# Exercise data:
"""

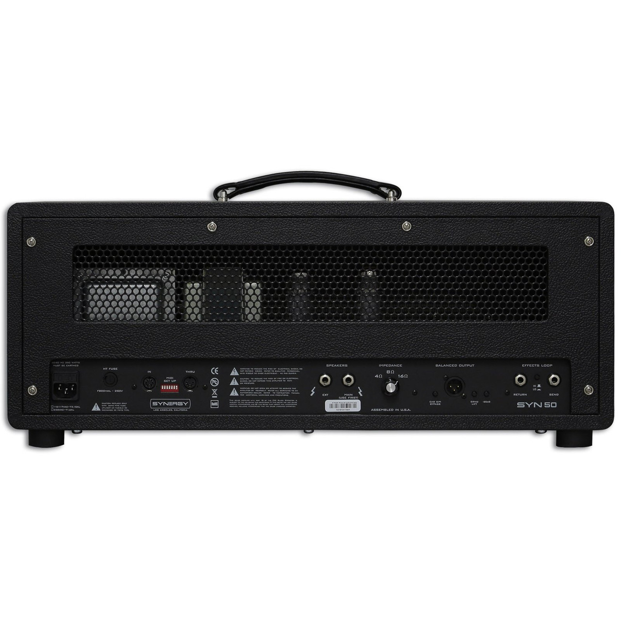The Synergy SYN-50 Modular Head boasts immaculate cabinet simulated direct output, MIDI programming, and a transparent effects loop that makes it as useful in the home studio as it is screaming through an arena.
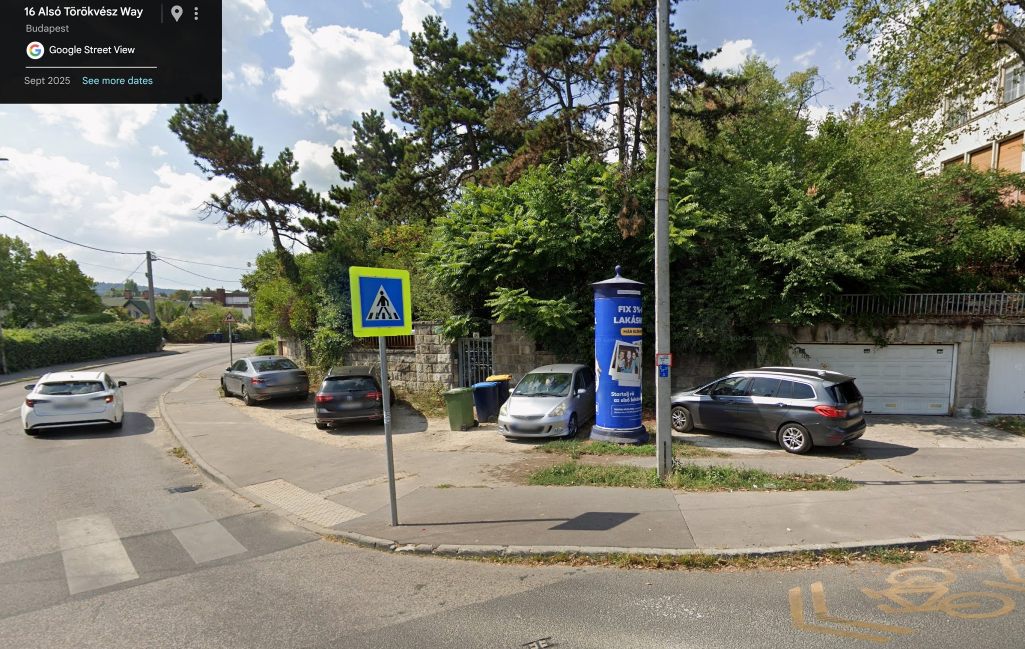 Az Alsó Törökvész út alsó végénél lévő gyalogátkelőhely táblát a minap állították vissza. Most nem döntötték ki, csak megdöntötték. Körülbelül 30 fokban állhat a függőlegeshez képest. Kérem, egyenesítsék ki, mielőtt teljesen kidől megint
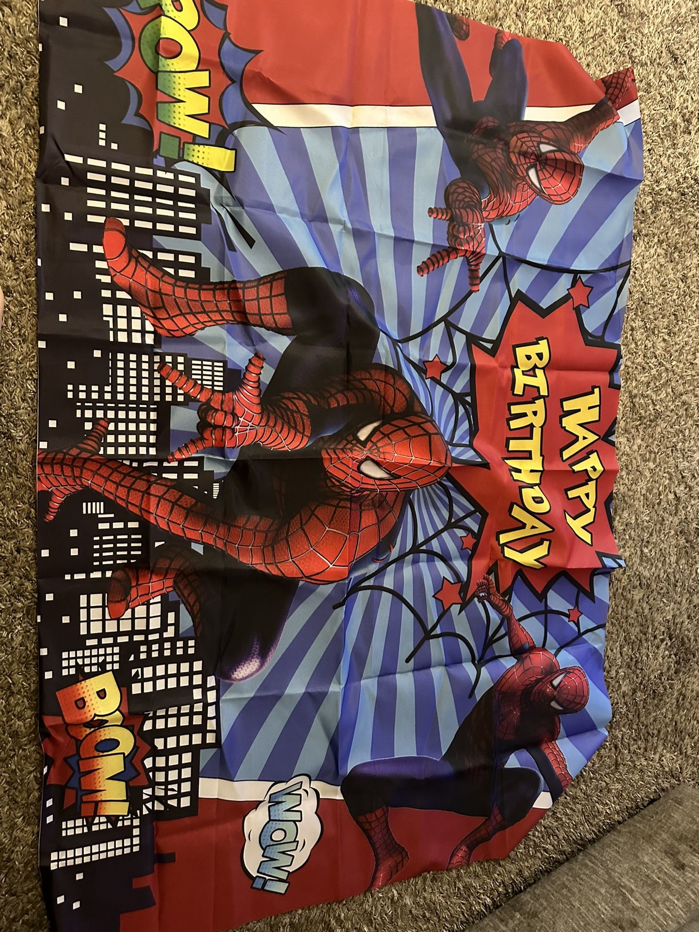 Comes with Spider-Man backdrop spider-Man happy birthday banner plates, cups, napkins and Spider-Man cup cake toppers and Spider-Man balloons and spoons

"""

# Problem details:
The material above must be printed exactly, with its pictures left out.

# Response below:
The Synergy SYN-50 Modular Head boasts immaculate cabinet simulated direct output, MIDI programming, and a transparent effects loop that makes it as useful in the home studio as it is screaming through an arena.
 Az Alsó Törökvész út alsó végénél lévő gyalogátkelőhely táblát a minap állították vissza. Most nem döntötték ki, csak megdöntötték. Körülbelül 30 fokban állhat a függőlegeshez képest. Kérem, egyenesítsék ki, mielőtt teljesen kidől megint
 Comes with Spider-Man backdrop spider-Man happy birthday banner plates, cups, napkins and Spider-Man cup cake toppers and Spider-Man balloons and spoons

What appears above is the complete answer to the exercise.